Nel 2018 riprende a fotografarsi, con lo smartphone e poi con una mirrorless. Lo fa soprattutto durante l’orgasmo. Cresciuta in un contesto piuttosto ostile al piacere, guardarsi godere rappresenta un modo per vincere il senso di colpa. Pubblica su Facebook le immagini del suo volto durante l’orgasmo, per condividere un evento comunemente relegato alla sfera privata con un pubblico il più ampio possibile, allo scopo di affermarne la bellezza, la profondità e la potenza. Da quel momento realizza e pubblica altri autoritratti, che ruotano spesso attorno a temi dicotomici: i condizionamenti interiorizzati e la conquista della libertà, l’apatia e il desiderio, l’attaccamento e l’autonomia emotivi, la fragilità e la potenza, l’inerzia e il cambiamento.

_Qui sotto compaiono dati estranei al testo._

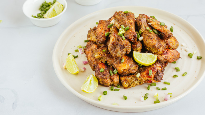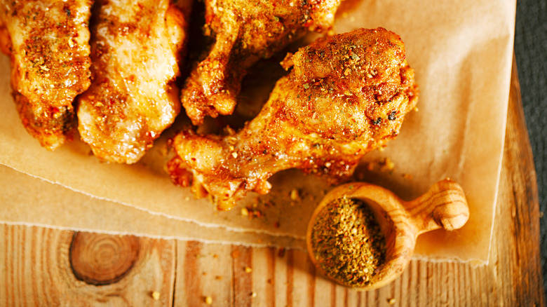 Dry rubs are a great option for chicken wings because they are easily customized and pack on tons of flavor. Bon Appétit notes that their two criteria for any dry rub are salt and brown sugar. From there, it just depends on what balance of flavors you want to add. You can use lemon pepper, Szechuan peppercorn, cumin, thyme, or any other dried herb you'd like in order to make it your own. The publication also noted that because dry rubs aren't adding any moisture to the surface of the meat, it creates a better environment for it to sear and caramelize (especially thanks to the added sugars).

Nel 2019 inizia un percorso che la porta a indagare i rapporti fra la propria identità e l’ambiente che la circonda. Fino al 2022, per volere dell’autrice niente di quanto prodotto da allora è stato reso pubblico. Invitata dal curatore e visual artist Francesco Arena, partecipa con alcune immagini tratte dal progetto “Inner Suburb|SuburbanInterior” (2020) alla terza edizione di “Other Identity – Altre forme di identità culturali e pubbliche” (19 Marzo-16 Aprile 2022, Genova, Guidi&Schoen-Arte Contemporanea e PRIMO PIANO di Palazzo Grillo).